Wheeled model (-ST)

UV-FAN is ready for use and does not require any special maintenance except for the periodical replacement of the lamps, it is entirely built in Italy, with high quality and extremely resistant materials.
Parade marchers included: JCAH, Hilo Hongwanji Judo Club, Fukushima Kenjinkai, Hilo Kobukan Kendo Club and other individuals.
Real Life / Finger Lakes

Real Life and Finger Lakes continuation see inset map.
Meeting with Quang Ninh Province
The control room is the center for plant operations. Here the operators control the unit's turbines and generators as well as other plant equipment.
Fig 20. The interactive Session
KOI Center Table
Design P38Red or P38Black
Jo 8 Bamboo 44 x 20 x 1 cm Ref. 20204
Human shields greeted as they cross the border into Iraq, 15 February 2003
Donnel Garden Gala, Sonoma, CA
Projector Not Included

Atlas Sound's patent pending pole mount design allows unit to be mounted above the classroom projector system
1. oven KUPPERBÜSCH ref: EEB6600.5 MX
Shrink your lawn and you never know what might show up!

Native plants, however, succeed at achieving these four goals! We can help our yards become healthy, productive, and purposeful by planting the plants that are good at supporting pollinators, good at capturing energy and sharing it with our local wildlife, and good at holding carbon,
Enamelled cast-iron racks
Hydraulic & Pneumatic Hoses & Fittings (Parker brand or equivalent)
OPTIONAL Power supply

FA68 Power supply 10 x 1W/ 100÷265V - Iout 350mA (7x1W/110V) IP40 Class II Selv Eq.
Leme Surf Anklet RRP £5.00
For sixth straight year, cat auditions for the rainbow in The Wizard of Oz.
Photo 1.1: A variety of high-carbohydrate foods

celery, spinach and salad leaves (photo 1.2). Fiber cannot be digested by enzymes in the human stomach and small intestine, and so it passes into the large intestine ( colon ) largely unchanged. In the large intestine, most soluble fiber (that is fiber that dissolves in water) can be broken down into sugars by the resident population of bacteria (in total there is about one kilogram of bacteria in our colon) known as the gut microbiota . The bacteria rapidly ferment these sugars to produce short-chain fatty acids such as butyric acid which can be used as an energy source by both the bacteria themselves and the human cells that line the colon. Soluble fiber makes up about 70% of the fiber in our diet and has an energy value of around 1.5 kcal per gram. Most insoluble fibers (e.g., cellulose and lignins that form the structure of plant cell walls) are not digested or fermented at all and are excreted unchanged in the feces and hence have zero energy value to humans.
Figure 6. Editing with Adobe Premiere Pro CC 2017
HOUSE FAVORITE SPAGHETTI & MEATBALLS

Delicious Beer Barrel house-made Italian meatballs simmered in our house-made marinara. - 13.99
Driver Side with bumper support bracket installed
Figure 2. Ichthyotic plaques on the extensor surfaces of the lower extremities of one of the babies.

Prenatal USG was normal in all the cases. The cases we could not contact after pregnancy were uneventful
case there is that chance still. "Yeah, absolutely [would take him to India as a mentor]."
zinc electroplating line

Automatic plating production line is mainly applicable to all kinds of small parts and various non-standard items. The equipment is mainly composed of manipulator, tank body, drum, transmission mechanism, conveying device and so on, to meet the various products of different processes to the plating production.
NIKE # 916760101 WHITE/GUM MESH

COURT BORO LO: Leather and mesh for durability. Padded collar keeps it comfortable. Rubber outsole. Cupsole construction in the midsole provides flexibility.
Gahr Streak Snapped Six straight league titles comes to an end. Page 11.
==
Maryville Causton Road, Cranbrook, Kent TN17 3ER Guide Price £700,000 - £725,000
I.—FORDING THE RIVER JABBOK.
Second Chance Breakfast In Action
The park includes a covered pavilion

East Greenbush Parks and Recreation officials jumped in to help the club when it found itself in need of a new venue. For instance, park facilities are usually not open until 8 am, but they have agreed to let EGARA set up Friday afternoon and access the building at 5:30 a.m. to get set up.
--
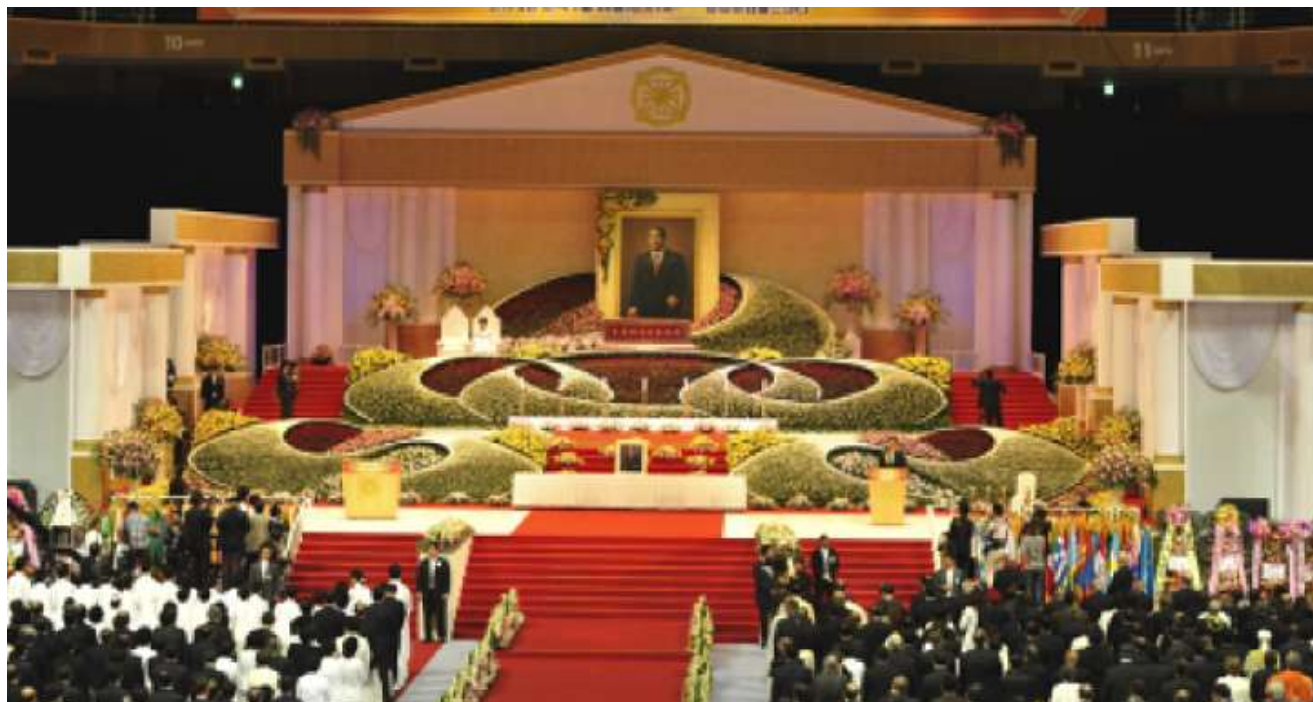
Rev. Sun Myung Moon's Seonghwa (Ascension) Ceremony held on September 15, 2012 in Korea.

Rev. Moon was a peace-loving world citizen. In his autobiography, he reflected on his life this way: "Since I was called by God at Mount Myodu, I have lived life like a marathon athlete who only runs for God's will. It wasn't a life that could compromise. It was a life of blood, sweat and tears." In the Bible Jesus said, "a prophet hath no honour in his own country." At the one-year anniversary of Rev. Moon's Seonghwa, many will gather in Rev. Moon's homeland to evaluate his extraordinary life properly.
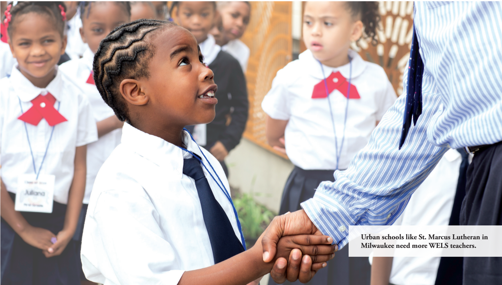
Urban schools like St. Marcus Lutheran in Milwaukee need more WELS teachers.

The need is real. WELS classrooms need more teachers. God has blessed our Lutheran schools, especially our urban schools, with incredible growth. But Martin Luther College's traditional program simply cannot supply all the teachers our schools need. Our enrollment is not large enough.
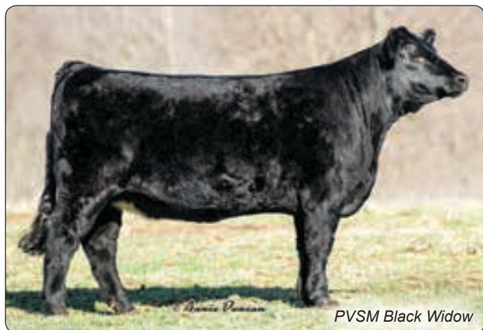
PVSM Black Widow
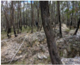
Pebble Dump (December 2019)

## Work request
In the records above, locate each line with the word "Power". Copy all such lines.

## Exercise answer
OPTIONAL Power supply
FA68 Power supply 10 x 1W/ 100÷265V - Iout 350mA (7x1W/110V) IP40 Class II Selv Eq.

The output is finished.